L’aspetto misterioso del comandamento di Dio deriva dal fatto che la parola di Dio cela la rivelazione del Suo volto al nostro cuore abilitandolo a vivere in pienezza la sua vocazione all’umanità. Ogni comandamento ha quel contesto di applicazione e se o quando la vocazione all’umanità non si compie, allora vuol dire che l’abbiamo stravolto. Per questo la logica dell’intelligenza della parola di Dio capovolge la logica normale della comprensione.

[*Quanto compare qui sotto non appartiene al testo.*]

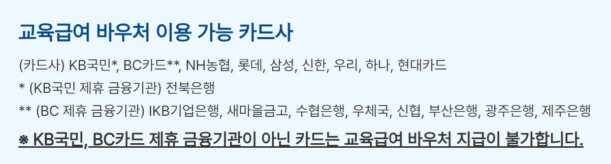 교육 지원 제도인 만큼 바우처 혜택을 최대한 활용하는 것이 중요합니다. 잔액 관리에 어려움이 있다면 언제든 카드사에 문의해 주시기 바랍니다.

L’atteggiamento, davanti al comandamento, è quello invocato nella colletta: “O Dio, nostro Padre, ... suscita in noi l’amore per te e ravviva la nostra fede”, per cui, davanti alla parola di Dio, siamo invitati subito a metterla in pratica al fine di cogliere la rivelazione di Dio che si svela al nostro cuore. Il primo moto è affettivo, non intellettivo, nel senso che prima devo poter cogliere l’intenzione segreta di Dio che a me si rivolge fidandomi del suo amore. È per questo che, continuando la lettura del brano del Deuteronomio, al v. 9, si proclama: “Ma bada a te e guardati bene dal dimenticare le cose che i tuoi occhi hanno visto, non ti sfuggano dal cuore, per tutto il tempo della tua vita”. L’accento è così posto sul fatto di ‘far memoria delle parole che si sono viste’ (il testo dovrebbe essere tradotto infatti più letteralmente: ‘guardati bene dal dimenticare le parole che i tuoi occhi hanno visto’). L’accento cade sulla sincerità del cuore che si trova dentro una storia d’amore che lo precede e l’accompagna e a cui risponde e non sulla sua generosità. Cosa significa ‘vedere’ le parole? Significa aver accolto la parola ed essere avanzati in quella realizzazione di umanità che fa risplendere la prossimità di Dio.

La liturgia ha ben collocato, a commento del brano del Deuteronomio, il salmo 14, il quale riassume la sincerità del cuore davanti a Dio nell’agire con giustizia e nel parlare lealmente, cioè nel non danneggiare il prossimo, noi stessi compresi, né coi fatti né con la lingua (quello che i nostri Padri chiamavano: non ferire mai la coscienza del prossimo, né coi fatti né con le parole né con i pensieri né con i sentimenti). Questo vale assai di più di qualsiasi pratica umana, pur grandiosa, perché in questo risplende la vicinanza di Dio.